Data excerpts
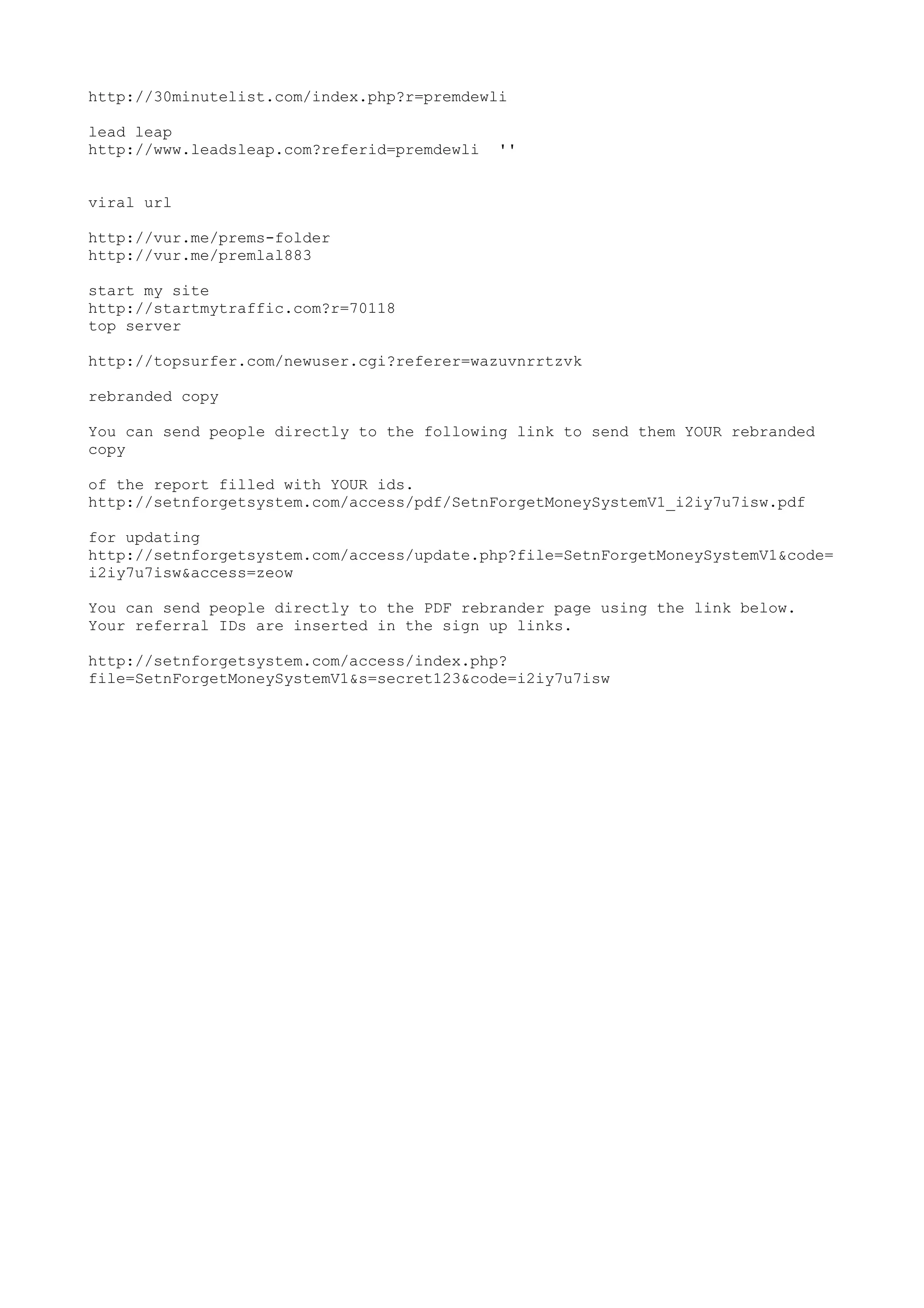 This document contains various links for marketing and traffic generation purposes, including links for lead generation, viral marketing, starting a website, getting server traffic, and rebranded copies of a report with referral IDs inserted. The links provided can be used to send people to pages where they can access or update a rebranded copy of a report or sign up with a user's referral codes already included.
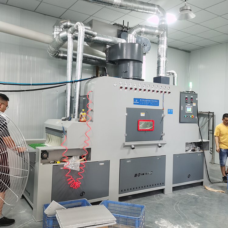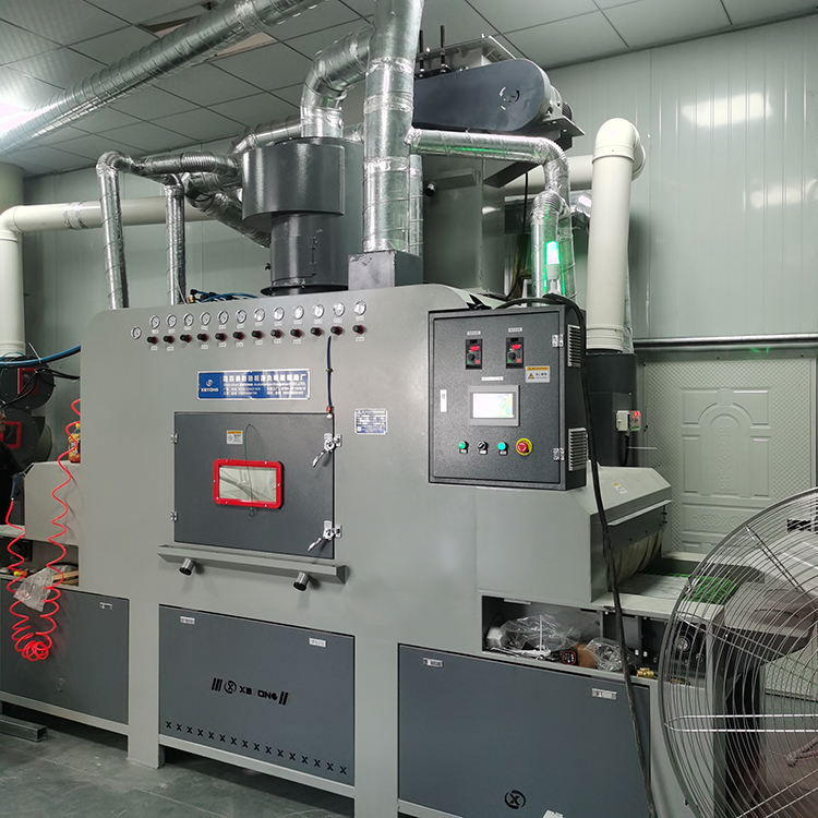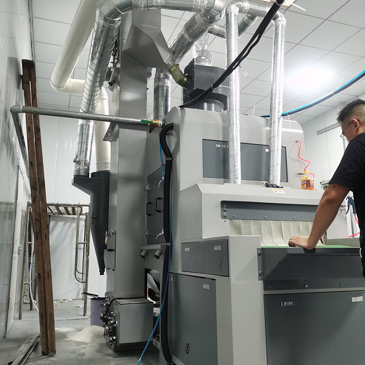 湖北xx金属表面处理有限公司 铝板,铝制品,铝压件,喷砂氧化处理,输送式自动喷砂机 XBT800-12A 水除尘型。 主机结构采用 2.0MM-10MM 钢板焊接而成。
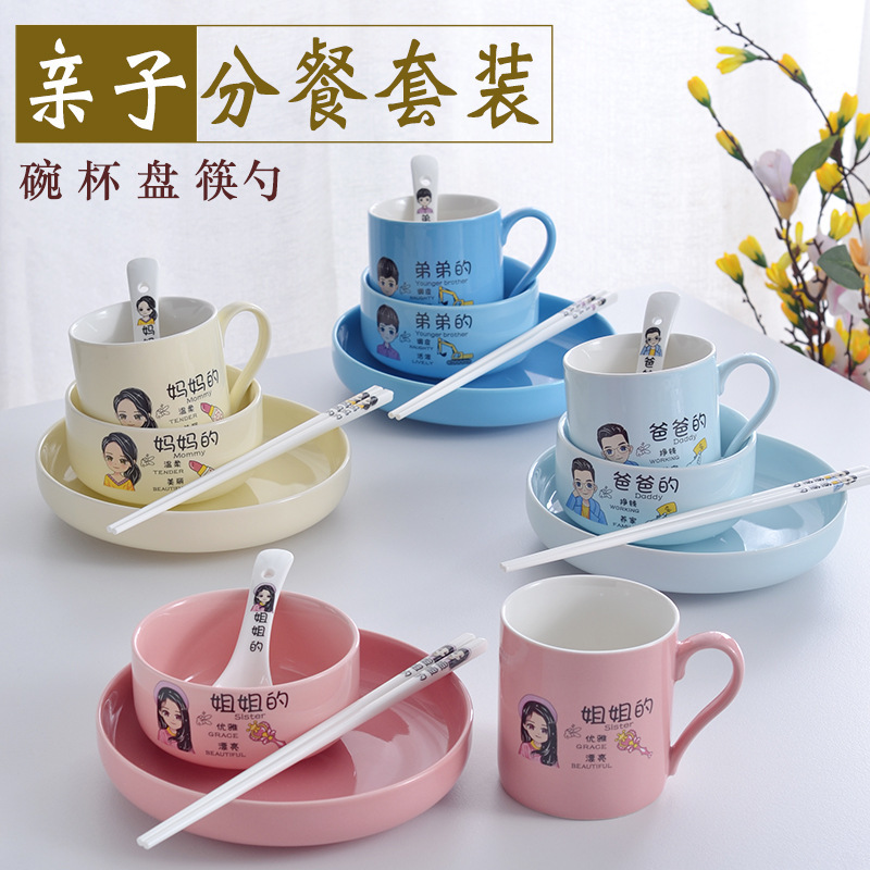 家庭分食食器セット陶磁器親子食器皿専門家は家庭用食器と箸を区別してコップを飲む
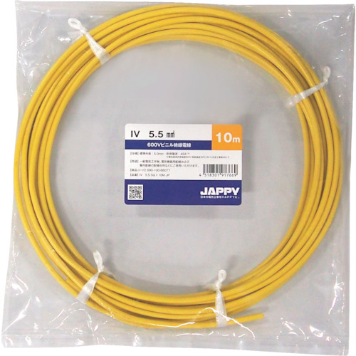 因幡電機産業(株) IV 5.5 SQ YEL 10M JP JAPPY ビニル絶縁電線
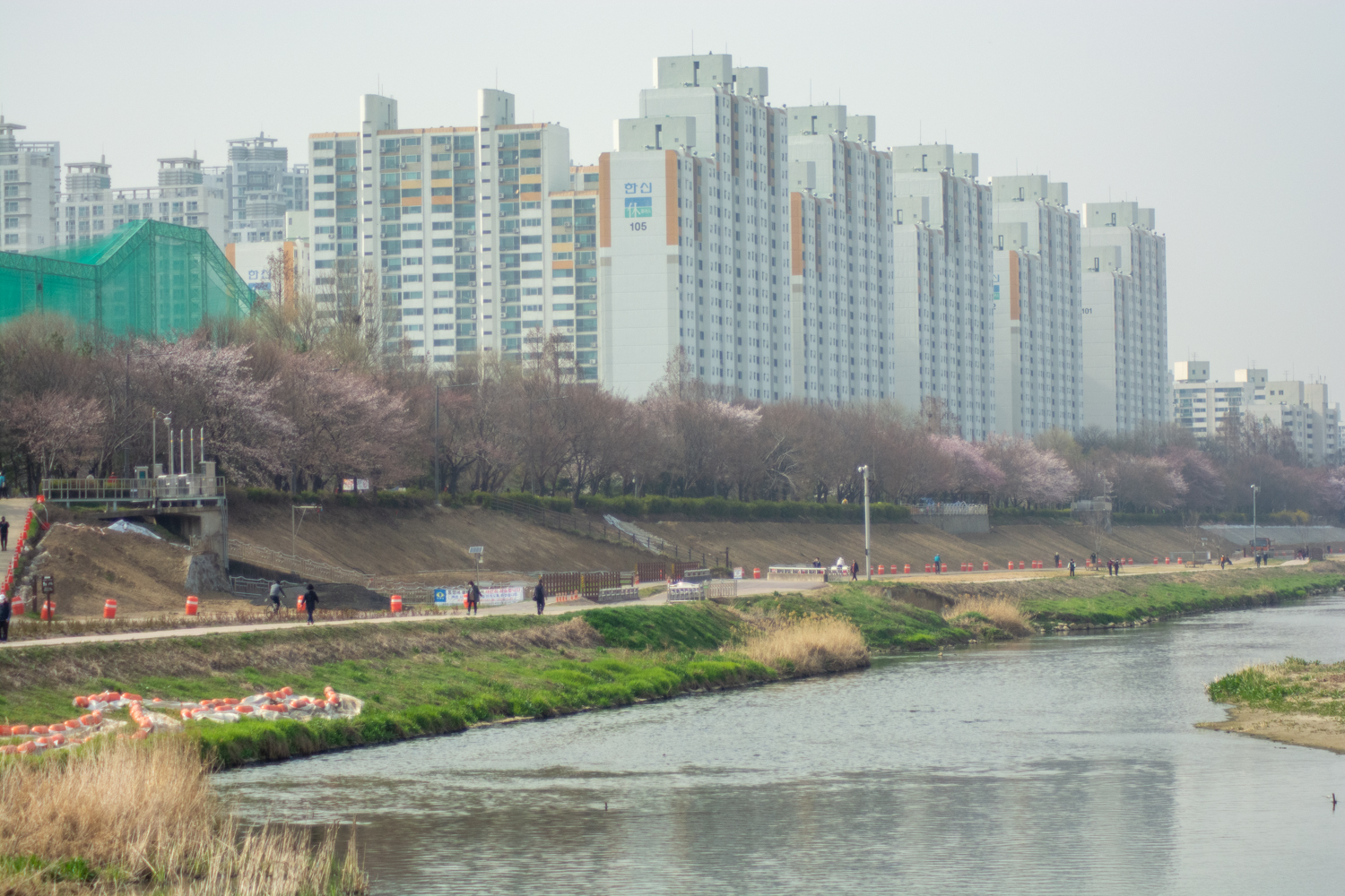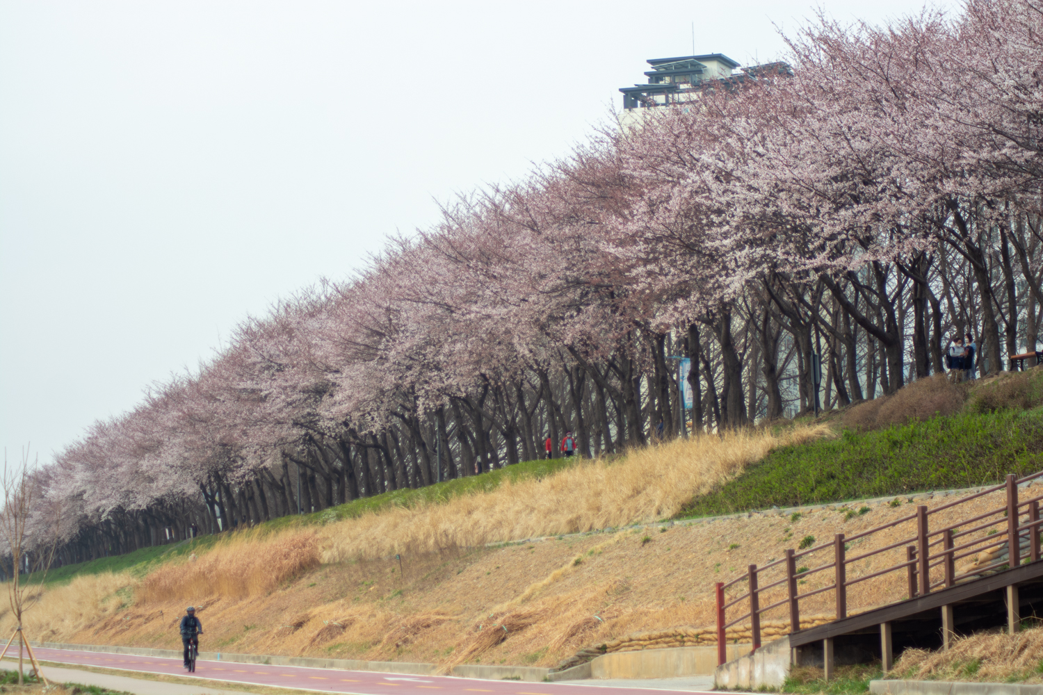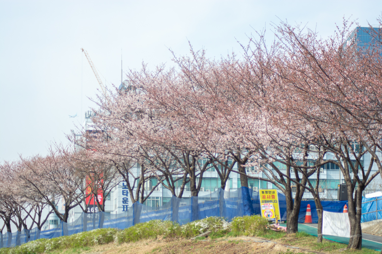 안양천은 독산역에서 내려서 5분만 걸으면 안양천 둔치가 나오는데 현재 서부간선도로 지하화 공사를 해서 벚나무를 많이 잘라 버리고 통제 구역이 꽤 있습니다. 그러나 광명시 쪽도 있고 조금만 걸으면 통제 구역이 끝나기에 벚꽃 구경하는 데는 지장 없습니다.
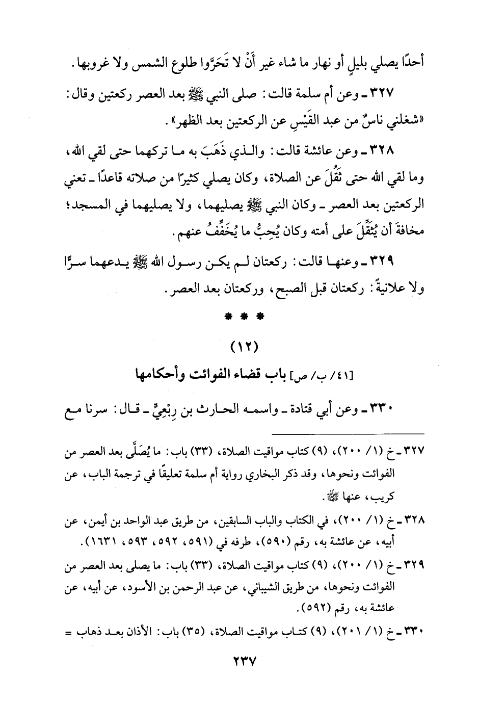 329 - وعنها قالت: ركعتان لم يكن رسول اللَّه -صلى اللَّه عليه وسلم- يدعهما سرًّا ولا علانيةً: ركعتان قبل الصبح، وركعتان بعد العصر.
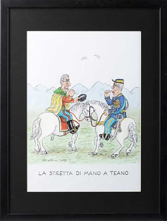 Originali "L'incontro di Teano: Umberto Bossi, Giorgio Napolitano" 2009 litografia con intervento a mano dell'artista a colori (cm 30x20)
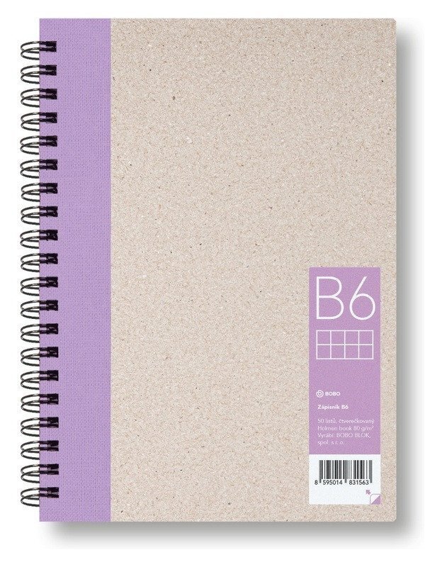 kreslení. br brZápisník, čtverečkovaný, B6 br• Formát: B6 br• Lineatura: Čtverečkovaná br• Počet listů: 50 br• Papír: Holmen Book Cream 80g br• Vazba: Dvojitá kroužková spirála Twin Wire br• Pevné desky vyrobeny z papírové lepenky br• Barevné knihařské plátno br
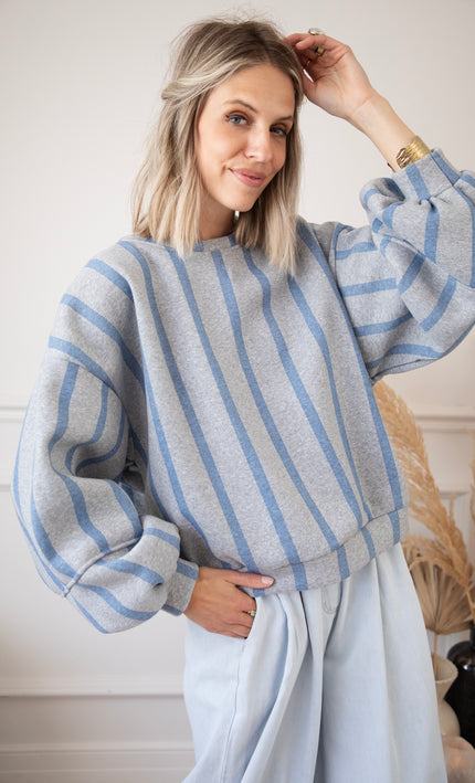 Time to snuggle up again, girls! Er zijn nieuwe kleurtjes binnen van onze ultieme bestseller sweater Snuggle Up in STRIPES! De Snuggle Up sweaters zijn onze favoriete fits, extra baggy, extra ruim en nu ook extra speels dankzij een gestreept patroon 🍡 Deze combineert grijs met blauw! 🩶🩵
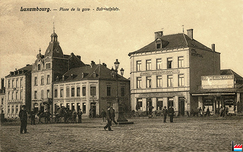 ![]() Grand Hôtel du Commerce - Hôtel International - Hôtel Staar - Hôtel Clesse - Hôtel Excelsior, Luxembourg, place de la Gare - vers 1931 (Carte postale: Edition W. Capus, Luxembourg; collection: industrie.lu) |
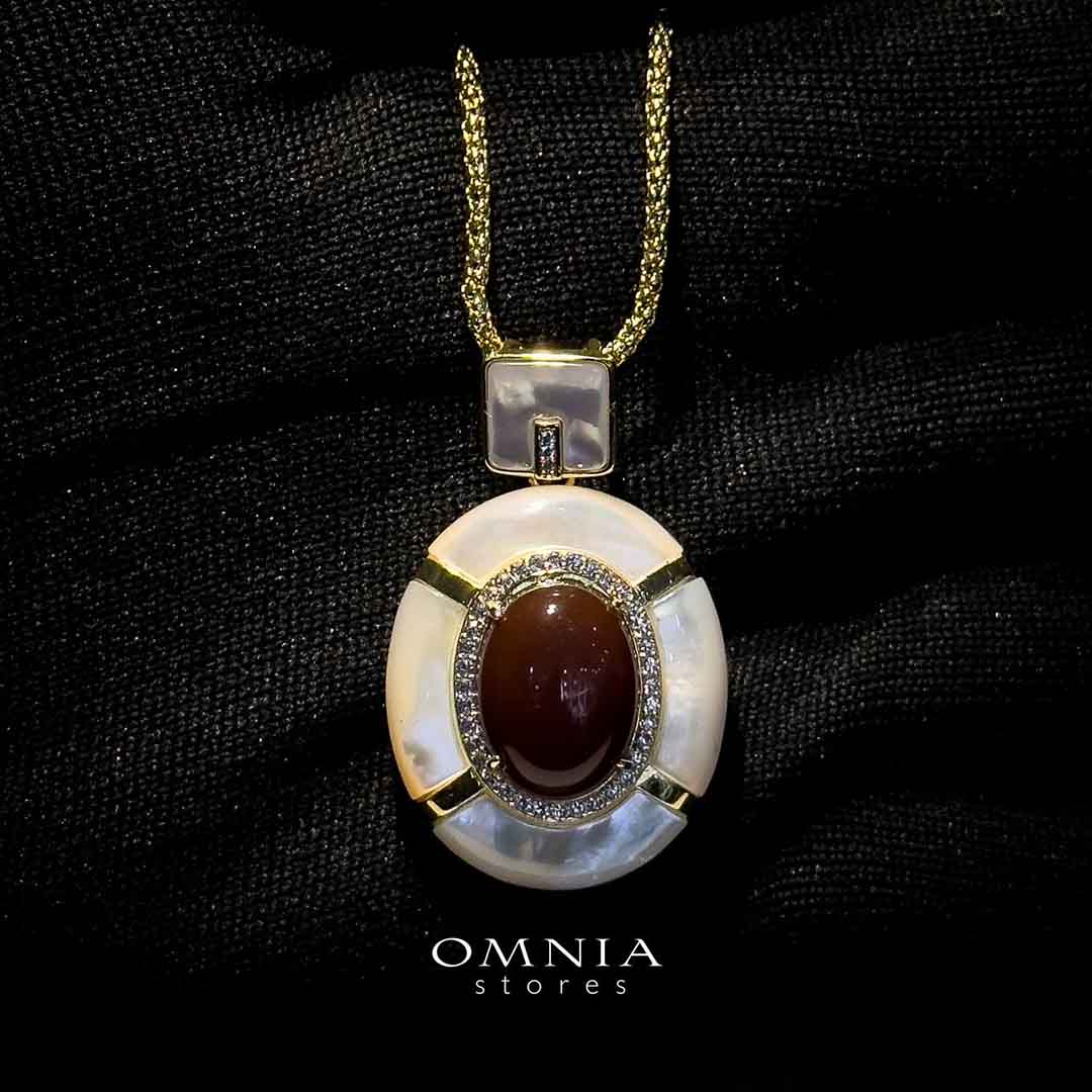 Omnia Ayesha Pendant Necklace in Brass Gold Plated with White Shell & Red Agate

▸ Your objective: Only the lines from the one containing "因幡電機産業(株) IV 5.5 SQ YEL 10M JP JAPPY ビニル絶縁電線" through the final line of the records should be retyped, exactly, with every picture omitted.

▸ Exercise result:
 因幡電機産業(株) IV 5.5 SQ YEL 10M JP JAPPY ビニル絶縁電線
 안양천은 독산역에서 내려서 5분만 걸으면 안양천 둔치가 나오는데 현재 서부간선도로 지하화 공사를 해서 벚나무를 많이 잘라 버리고 통제 구역이 꽤 있습니다. 그러나 광명시 쪽도 있고 조금만 걸으면 통제 구역이 끝나기에 벚꽃 구경하는 데는 지장 없습니다.
 329 - وعنها قالت: ركعتان لم يكن رسول اللَّه -صلى اللَّه عليه وسلم- يدعهما سرًّا ولا علانيةً: ركعتان قبل الصبح، وركعتان بعد العصر.
 Originali "L'incontro di Teano: Umberto Bossi, Giorgio Napolitano" 2009 litografia con intervento a mano dell'artista a colori (cm 30x20)
 kreslení. br brZápisník, čtverečkovaný, B6 br• Formát: B6 br• Lineatura: Čtverečkovaná br• Počet listů: 50 br• Papír: Holmen Book Cream 80g br• Vazba: Dvojitá kroužková spirála Twin Wire br• Pevné desky vyrobeny z papírové lepenky br• Barevné knihařské plátno br
 Time to snuggle up again, girls! Er zijn nieuwe kleurtjes binnen van onze ultieme bestseller sweater Snuggle Up in STRIPES! De Snuggle Up sweaters zijn onze favoriete fits, extra baggy, extra ruim en nu ook extra speels dankzij een gestreept patroon 🍡 Deze combineert grijs met blauw! 🩶🩵
 ![]() Grand Hôtel du Commerce - Hôtel International - Hôtel Staar - Hôtel Clesse - Hôtel Excelsior, Luxembourg, place de la Gare - vers 1931 (Carte postale: Edition W. Capus, Luxembourg; collection: industrie.lu) |
 Omnia Ayesha Pendant Necklace in Brass Gold Plated with White Shell & Red Agate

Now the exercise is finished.